# Required action
Give back the records below exactly, omitting the pictures.

** Opening Excerpted records block **

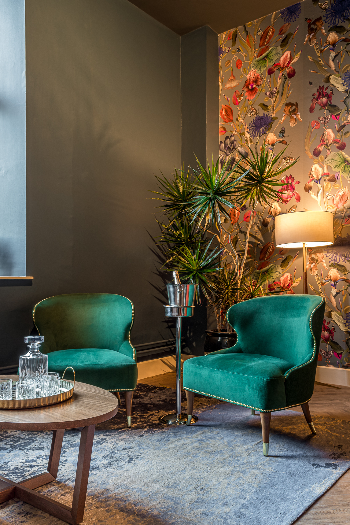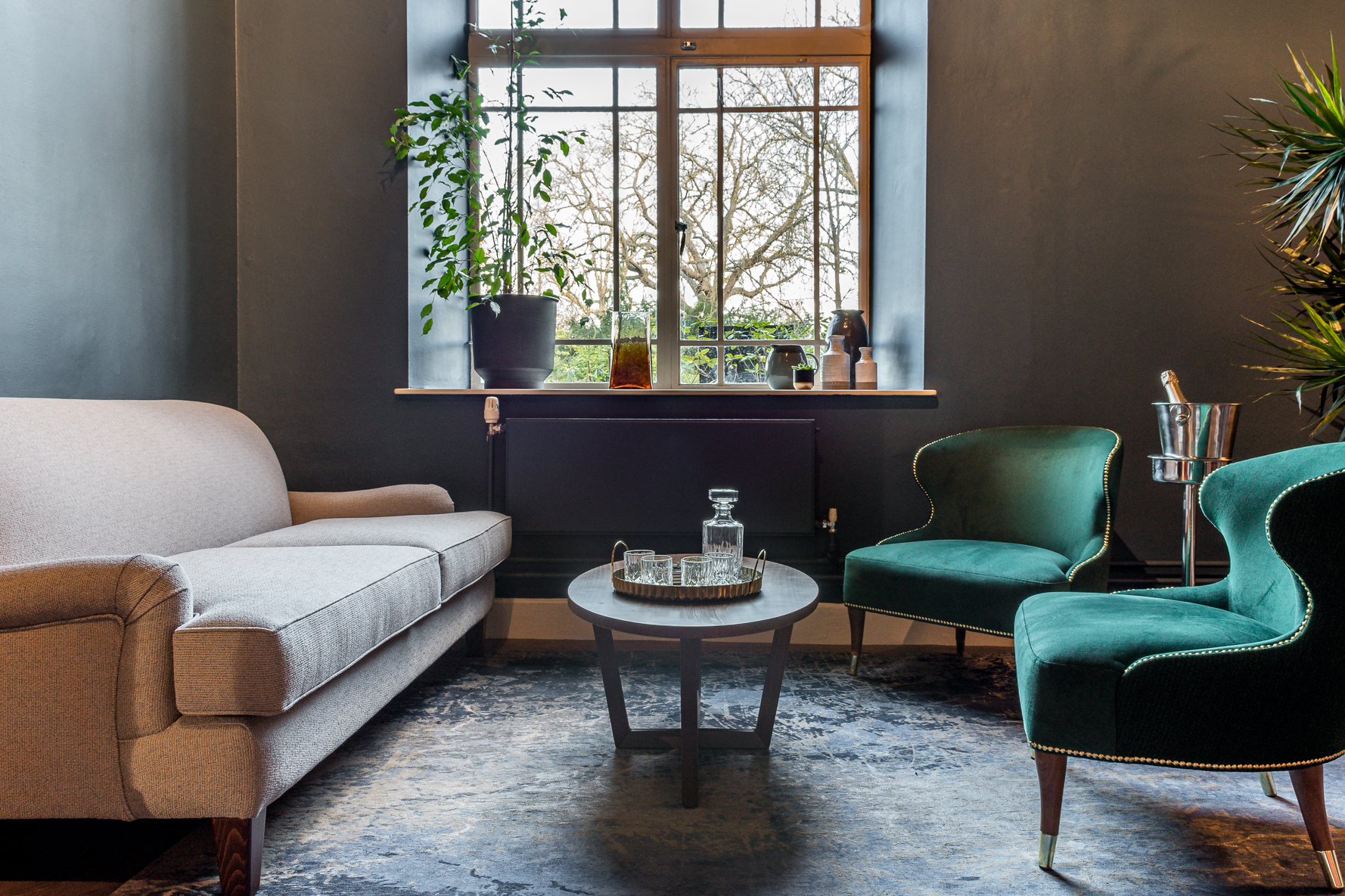 We supplied our elegant Camelia Lounge Chair in several iterations for this project - seen here upholstered in a deep green velvet, with brass stud trim and brass feet to the wooden legs. It sits alongside our bespoke sofa and wooden table, creating an appealing spot to relax or for an informal meeting.
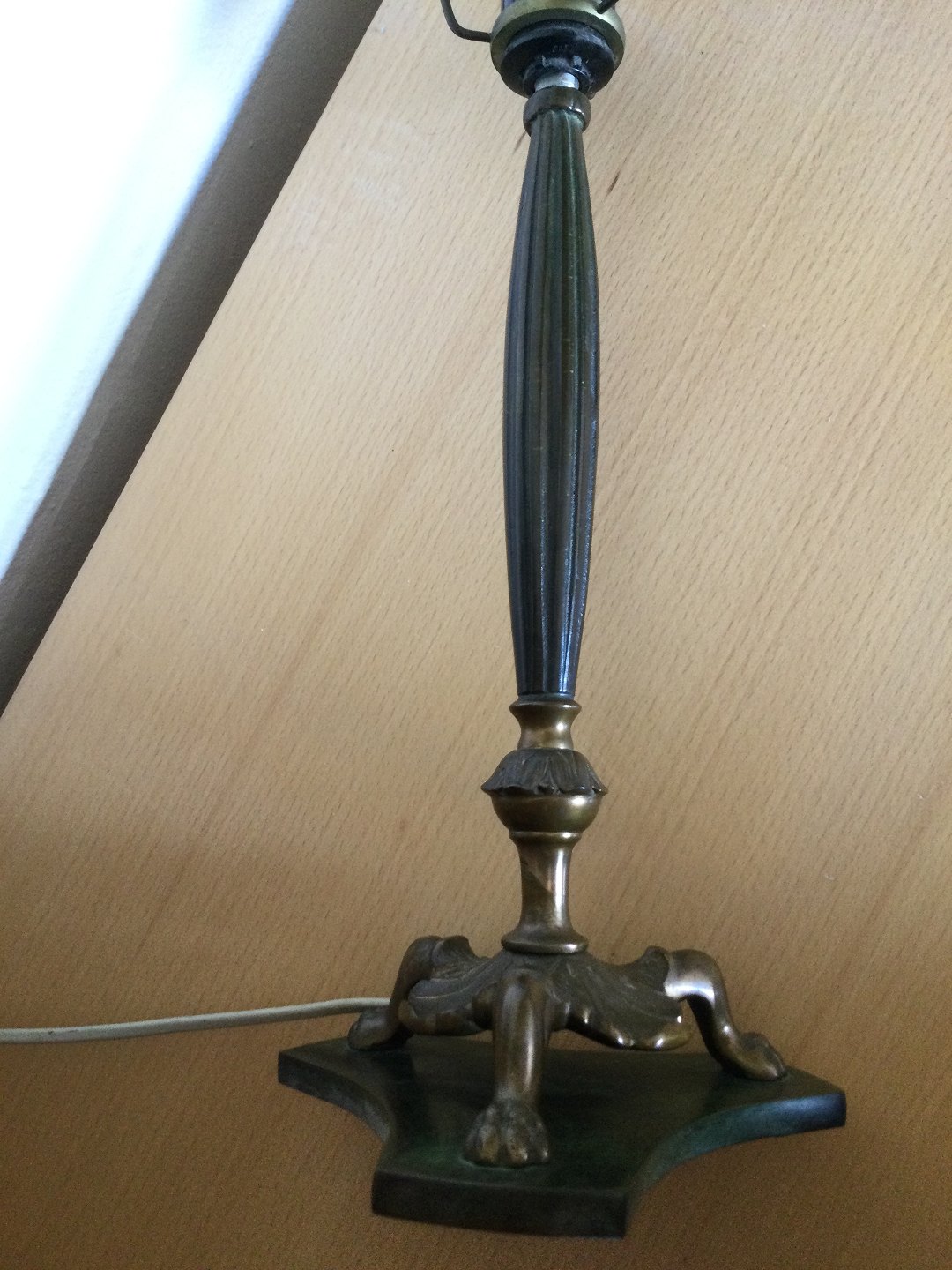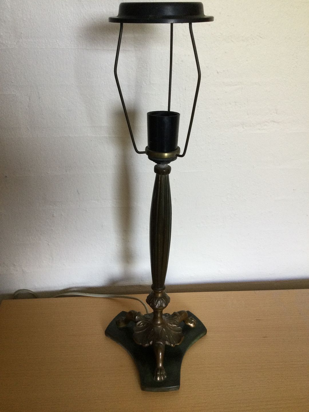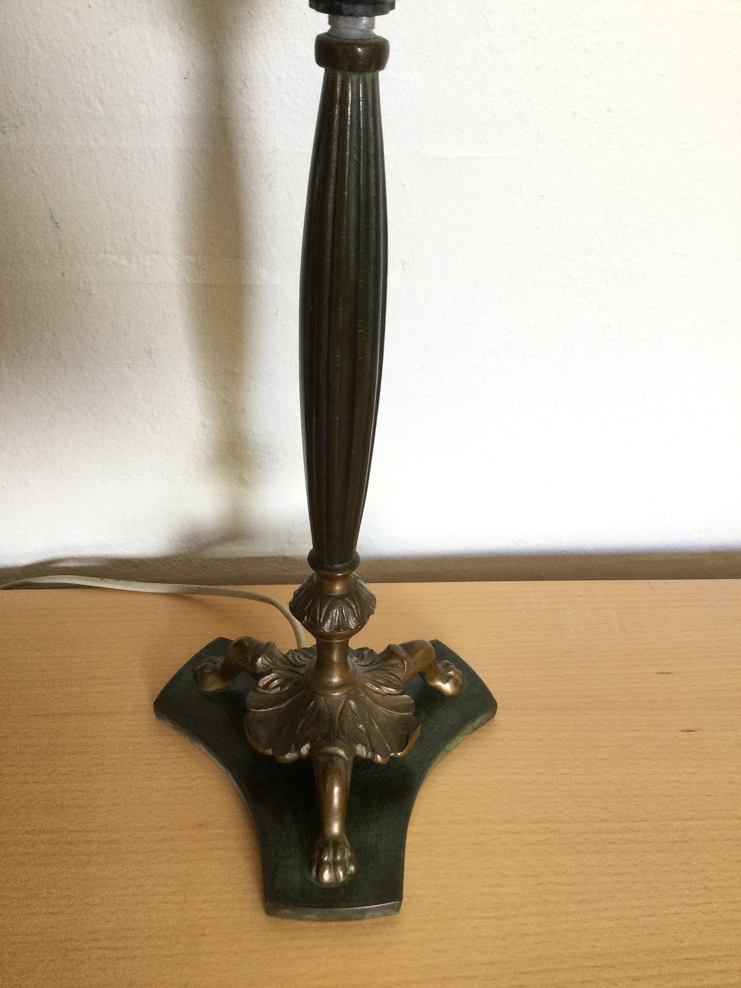 Bronze bordlampe på trepasfod.
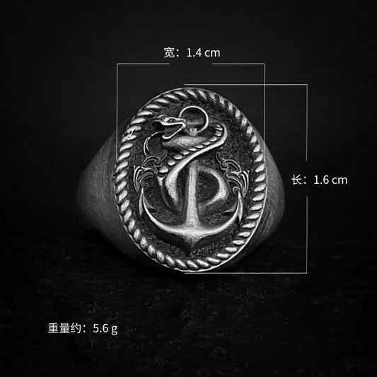 Vintage Cobra Anchor Ring for Men – Seiko Design, Copper, Punk Rock Biker Style
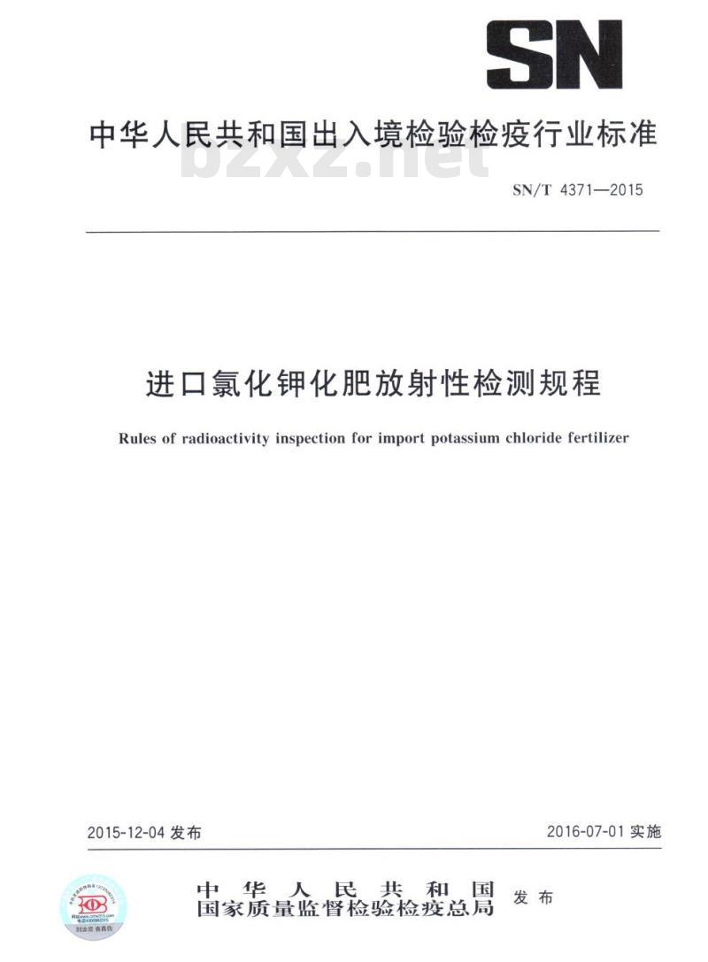 - SN/T 4371-2015 进口氯化钾化肥放射性检测规程
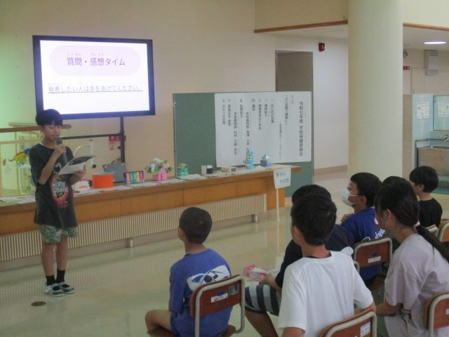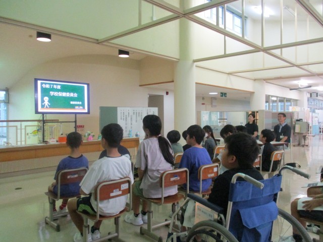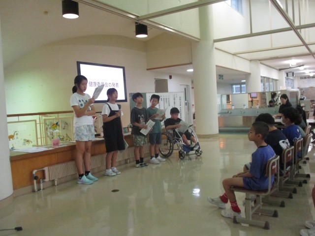 今年度は、「よい姿勢で健康に!~合言葉はグー・ペタ・ピン~」をテーマに、健康委員会の子供たちが発表をしました。そして、今日から25日まで「姿勢ピン!ポーズ」チャレンジ週間を行います。ぜひ、保護者の皆様も子供たちと一緒にお家で「姿勢ピン!ポーズ」にチャレンジしてみてください。
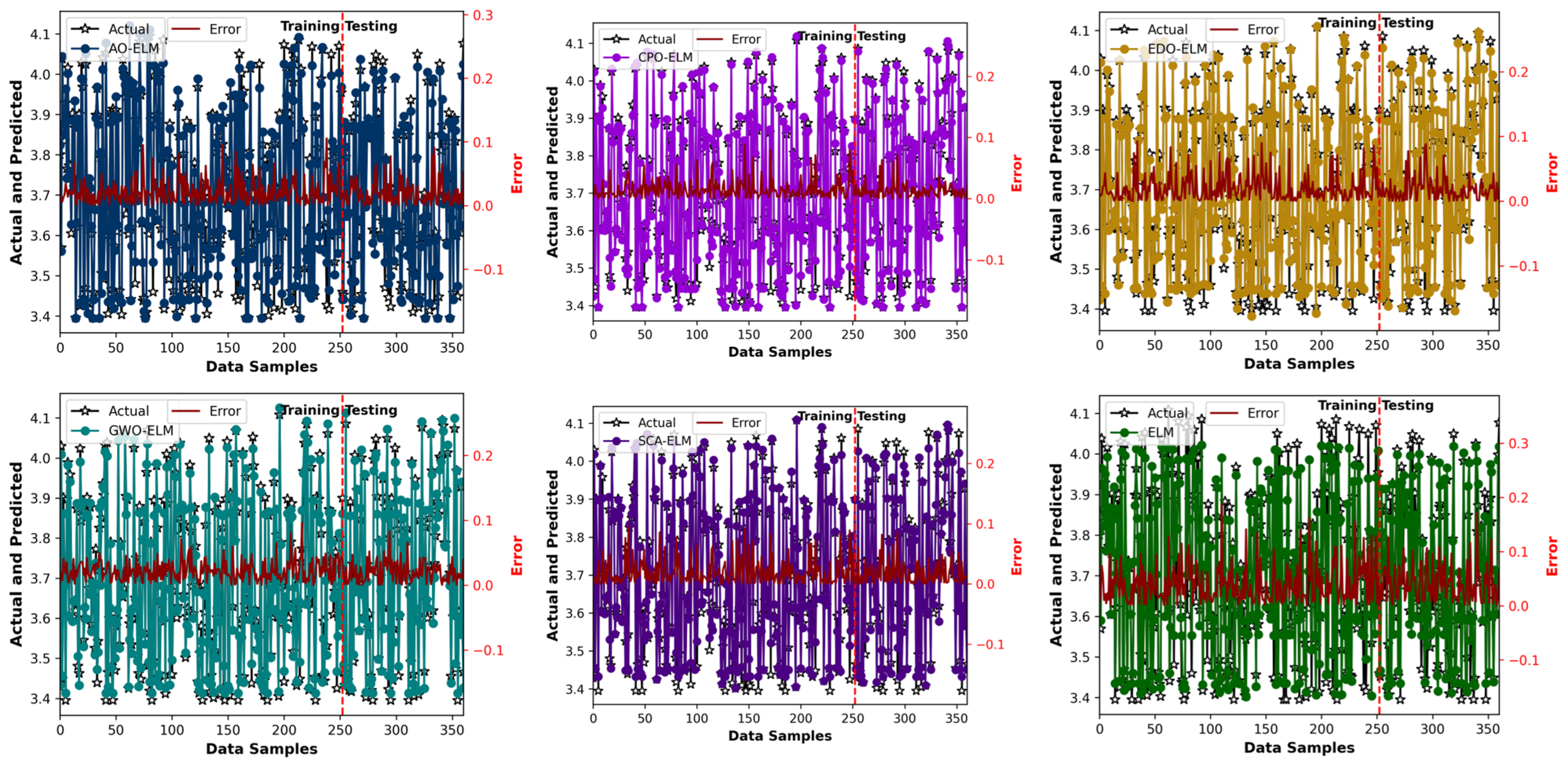 Figure 5 provide a visual depiction of the models’ performance in approximating the ecological footprint over the full dataset. Each subplot corresponds to a distinct ELM-based model: the AO-ELM, CPO-ELM, EDO-ELM, GWO-ELM, SCA-ELM, and standalone ELM. The black star markers represent the actual ecological footprint values, while the colored lines denote the predicted outputs of each model. The red line, plotted along the secondary
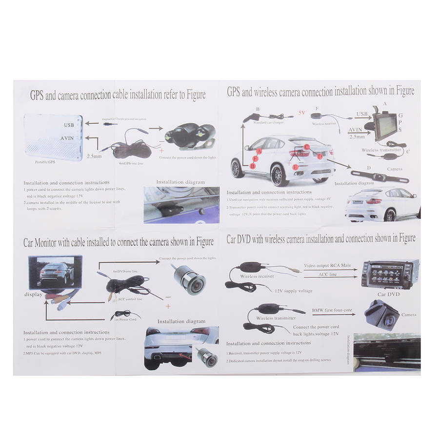 Specification: Model Number: B45720 Color: Black Camera Size: 60*30*22mm Power cable Length: approx. 58cm Wireless Transmitter Cable Length: 1.72M Wireless Receiver Cable Length: 1.72M Sensor:CCD Video System: NTSC Detachable Panel: No Lens Angle: 170?ᆪ Resolution: 420 TV Lines Power Supply: 12 V Power Consumption: 1.3 W Features: AV-IN Interface Port: AV Out Video Input: 2 channel S/N ratio: Better Than 48db Operation Temperature: -20?ᆪC - 80?ᆪC RH95% Max Waterproof: IP67 ? Feature: - 100% Brand new and high quality. - High sensitivity and low power consumption. - Night vision and water proof. - Excellent quality,it simply fits where the original number plate lights goes so NO DRILLING and just fit. - Wireless connection type,savaing your time,more faster and more easier,just take 5 minutes. ? Fitment: For Ford Transit /Transit Connect ? Installation Steps: 1.Connect the built-in number plate light of the camera to where the stock number plate light was connected to get the power. 2.Connect the wireless module (transmitter) to your camera via the two cables- yellow plug for AV output and red plug for power. 3.Connect the wireless module (transmitter) to the reverse light of your car to get the power - red wire for positive and black wire for negative. 4.Connect the wireless module (receiver) to your car monitor - yellow plug for AV input. 5.Connect the wireless module (receiver) to your car battery or c igarette lighter to get the power - red wire for positive and black wire for negative. 6.The image will shows when the car in reverse mode. ? Package Included: 1 x CCD Reversing Camera 1 x Power Cable 1 x Wireless Transmitter? 1 x Wireless Receiver 1 x Manual
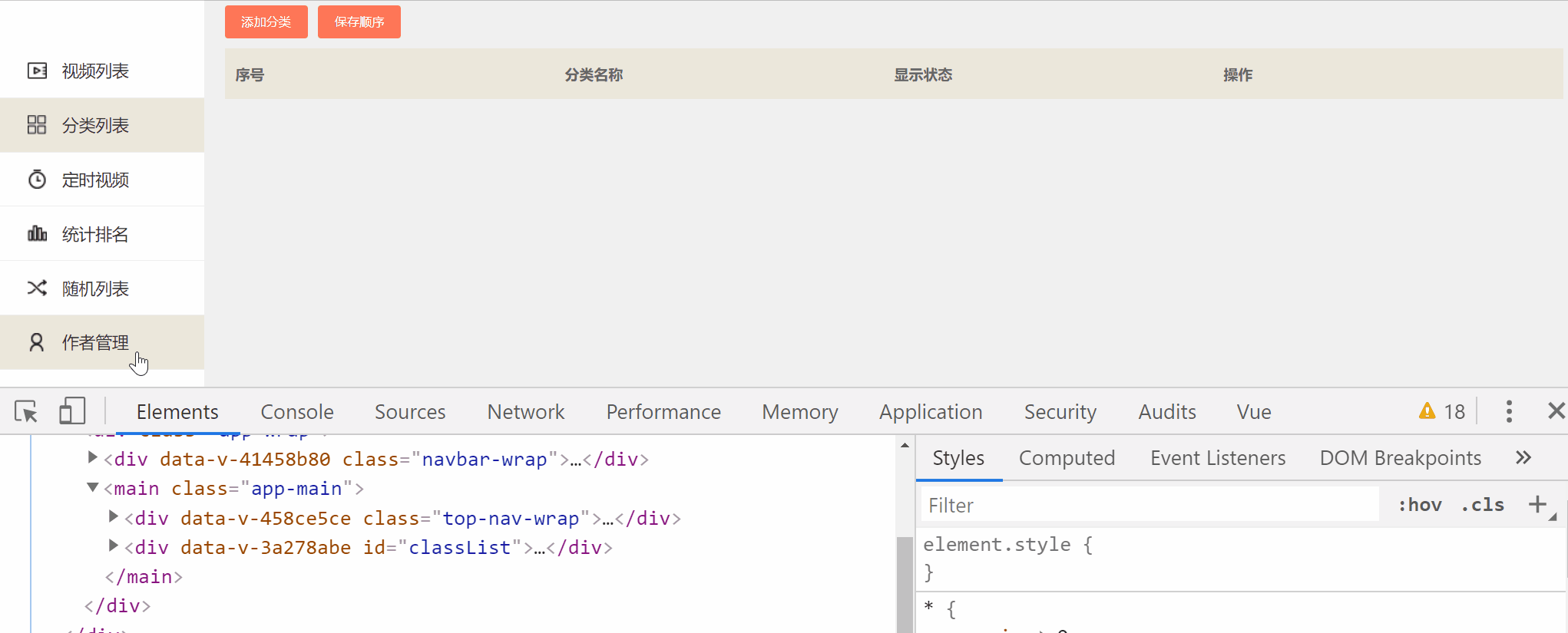 排除代码问题后,想到的可能是布局问题引发的这种情况,于是在chrome的调试工具中,一边切换路由一边观察布局的变化,终于找到了一点蹊跷
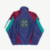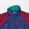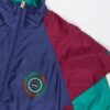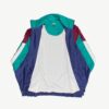 Shiny 80s vintage festival jacket with timeless graphic. This colourful colour block jacket features a high neck, a full length zip closure, two side pockets with zip closures and an elasticated hem and cuffs. Made from a mid-weight synthetic material with a cotton blend lining.

** Closing Excerpted records block **

# Answer space
 We supplied our elegant Camelia Lounge Chair in several iterations for this project - seen here upholstered in a deep green velvet, with brass stud trim and brass feet to the wooden legs. It sits alongside our bespoke sofa and wooden table, creating an appealing spot to relax or for an informal meeting.
 Bronze bordlampe på trepasfod.
 Vintage Cobra Anchor Ring for Men – Seiko Design, Copper, Punk Rock Biker Style
 - SN/T 4371-2015 进口氯化钾化肥放射性检测规程
 今年度は、「よい姿勢で健康に!~合言葉はグー・ペタ・ピン~」をテーマに、健康委員会の子供たちが発表をしました。そして、今日から25日まで「姿勢ピン!ポーズ」チャレンジ週間を行います。ぜひ、保護者の皆様も子供たちと一緒にお家で「姿勢ピン!ポーズ」にチャレンジしてみてください。
 Figure 5 provide a visual depiction of the models’ performance in approximating the ecological footprint over the full dataset. Each subplot corresponds to a distinct ELM-based model: the AO-ELM, CPO-ELM, EDO-ELM, GWO-ELM, SCA-ELM, and standalone ELM. The black star markers represent the actual ecological footprint values, while the colored lines denote the predicted outputs of each model. The red line, plotted along the secondary
 Specification: Model Number: B45720 Color: Black Camera Size: 60*30*22mm Power cable Length: approx. 58cm Wireless Transmitter Cable Length: 1.72M Wireless Receiver Cable Length: 1.72M Sensor:CCD Video System: NTSC Detachable Panel: No Lens Angle: 170?ᆪ Resolution: 420 TV Lines Power Supply: 12 V Power Consumption: 1.3 W Features: AV-IN Interface Port: AV Out Video Input: 2 channel S/N ratio: Better Than 48db Operation Temperature: -20?ᆪC - 80?ᆪC RH95% Max Waterproof: IP67 ? Feature: - 100% Brand new and high quality. - High sensitivity and low power consumption. - Night vision and water proof. - Excellent quality,it simply fits where the original number plate lights goes so NO DRILLING and just fit. - Wireless connection type,savaing your time,more faster and more easier,just take 5 minutes. ? Fitment: For Ford Transit /Transit Connect ? Installation Steps: 1.Connect the built-in number plate light of the camera to where the stock number plate light was connected to get the power. 2.Connect the wireless module (transmitter) to your camera via the two cables- yellow plug for AV output and red plug for power. 3.Connect the wireless module (transmitter) to the reverse light of your car to get the power - red wire for positive and black wire for negative. 4.Connect the wireless module (receiver) to your car monitor - yellow plug for AV input. 5.Connect the wireless module (receiver) to your car battery or c igarette lighter to get the power - red wire for positive and black wire for negative. 6.The image will shows when the car in reverse mode. ? Package Included: 1 x CCD Reversing Camera 1 x Power Cable 1 x Wireless Transmitter? 1 x Wireless Receiver 1 x Manual
 排除代码问题后,想到的可能是布局问题引发的这种情况,于是在chrome的调试工具中,一边切换路由一边观察布局的变化,终于找到了一点蹊跷
 Shiny 80s vintage festival jacket with timeless graphic. This colourful colour block jacket features a high neck, a full length zip closure, two side pockets with zip closures and an elasticated hem and cuffs. Made from a mid-weight synthetic material with a cotton blend lining.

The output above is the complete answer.